Looking at the overall ROA, Vericel Corp's performance has also been negative, varying from -0.90% to -6.46%. This metric reflects the company's ability to generate profit from its total assets, including both operational and non-operational assets.

The return on total capital has been consistently negative for Vericel Corp, with figures ranging from -2.86% to -9.26% over the observed period.
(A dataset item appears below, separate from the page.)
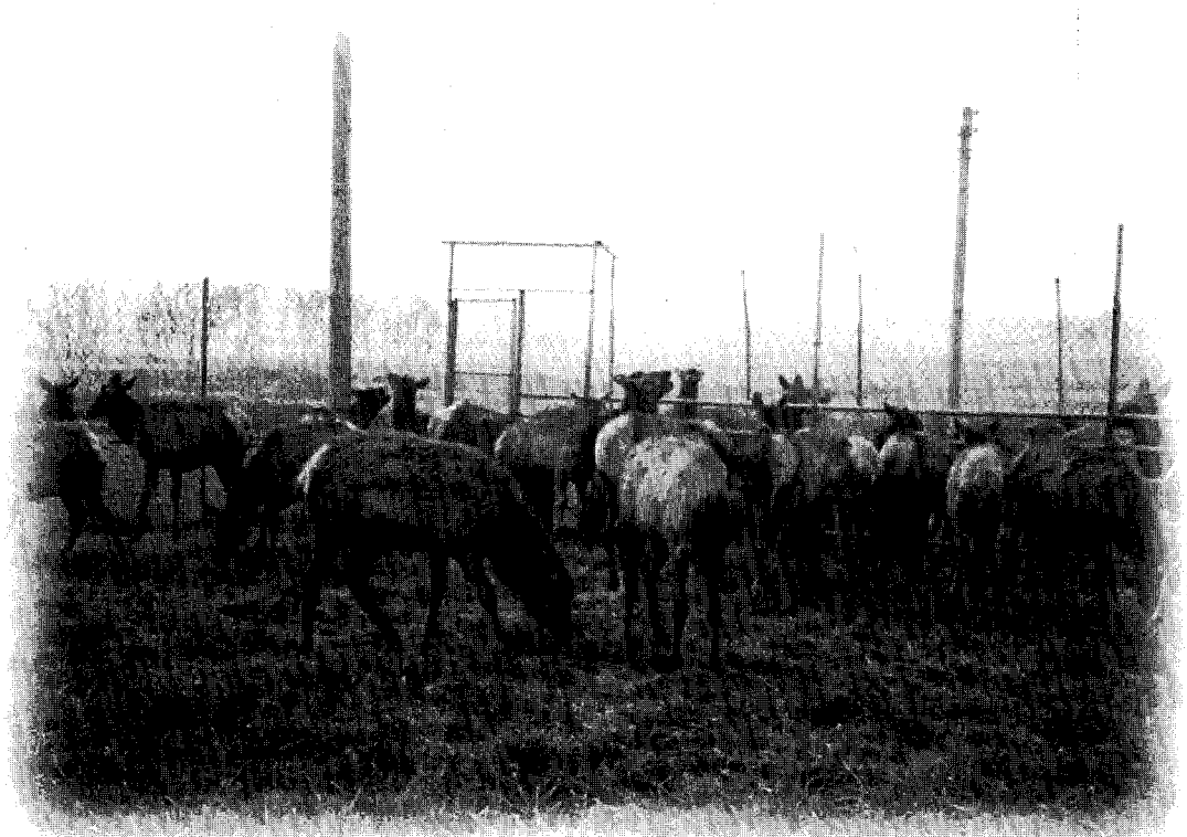
▲ 현금 비율이 높을 경우 대외 신용은 높으나 자금이 사장되는 결과를 초래한다

② 현금비율 : 이 비율은 1년이 내에 갚아야 할 부채에 비하여 현금이나 예금을 얼마나 보유하고 있는가를 따져봄으로써 농장이나 기업의 즉각적인 지급능력을 평가하는 지표로서
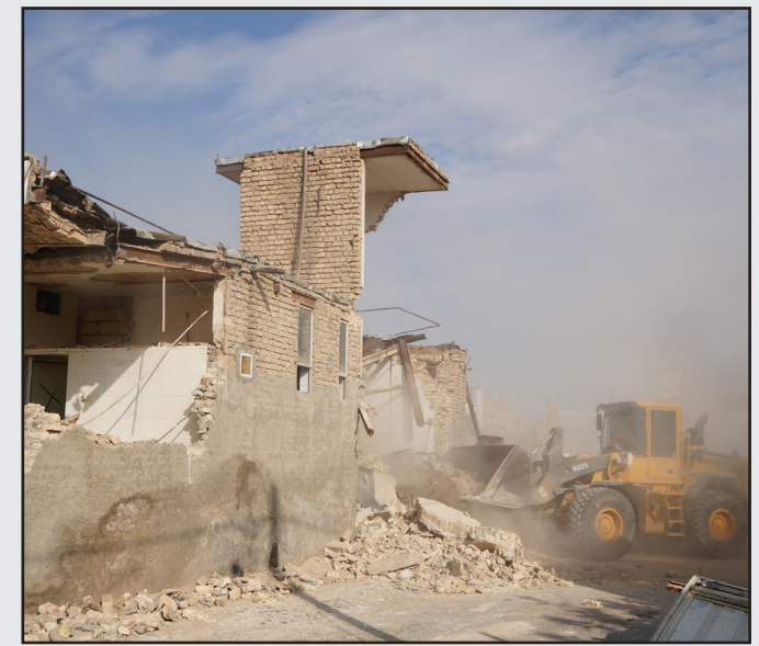
توافق، تخریب و آزادسازی در خیابان شهدای جوی آباد

This ratio evaluates the company's ability to generate returns for both equity and debt investors.

Furthermore, the return on equity (ROE) for Vericel Corp has also shown a negative trend, varying between -1.41% and -8.82%. ROE indicates how effectively the company is utilizing shareholders' equity to generate profits.

Overall, Vericel Corp's profitability ratios suggest that the company has been facing challenges in generating profits from its assets, capital, and equity over the past eight quarters. Further analysis of the company's financial and operational strategies may be necessary to address these profitability challenges.